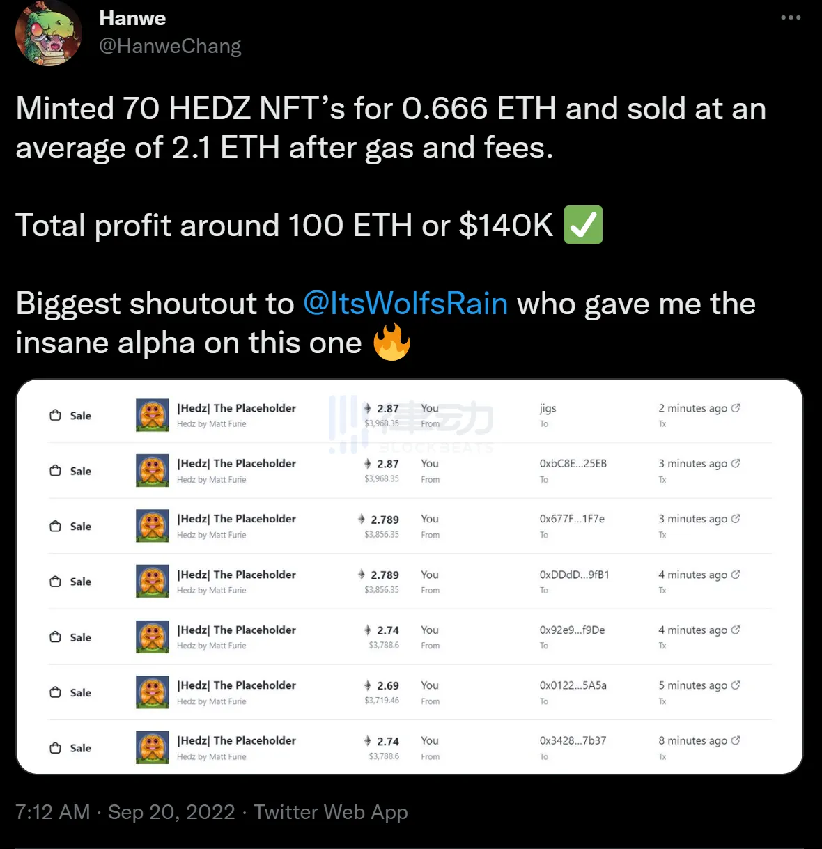 玩过魔兽争霸 3 的朋友想必都知道,兽族的英雄「剑圣」有一个叫「致命一击」的技能,俗称「跳劈」。当这个技能触发的时候,平 A 就会转成暴击,一下带走敌人。Hanwe 的挑战成功像极了一次暴力的「跳劈」——他一口气铸造了 70 个「Hedz by Matt Furie」NFT,并且以 2.1 ETH 的均价全部售出,仅通过这一个项目就收获了近 100 ETH(约 14 万美元)的利润。
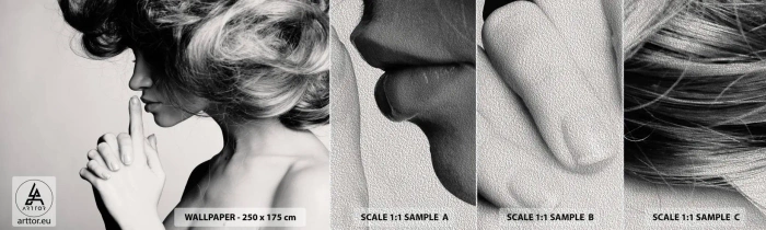 Campione di Fotomurale Premium Sand - Ascoltando se stessa - Donna, Modello, Volto di donna - 100x30 cm
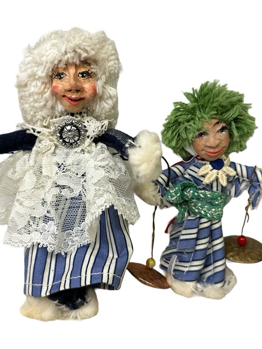 Lot Of 2 Vtg Small Handmade Artesian Folk Art Clay & Fabric Ornaments

EXERCISE REQUIREMENTS. Without including any pictures, copy every line above exactly.

REPLY TO THE EXERCISE.
 玩过魔兽争霸 3 的朋友想必都知道,兽族的英雄「剑圣」有一个叫「致命一击」的技能,俗称「跳劈」。当这个技能触发的时候,平 A 就会转成暴击,一下带走敌人。Hanwe 的挑战成功像极了一次暴力的「跳劈」——他一口气铸造了 70 个「Hedz by Matt Furie」NFT,并且以 2.1 ETH 的均价全部售出,仅通过这一个项目就收获了近 100 ETH(约 14 万美元)的利润。
 Campione di Fotomurale Premium Sand - Ascoltando se stessa - Donna, Modello, Volto di donna - 100x30 cm
 Lot Of 2 Vtg Small Handmade Artesian Folk Art Clay & Fabric Ornaments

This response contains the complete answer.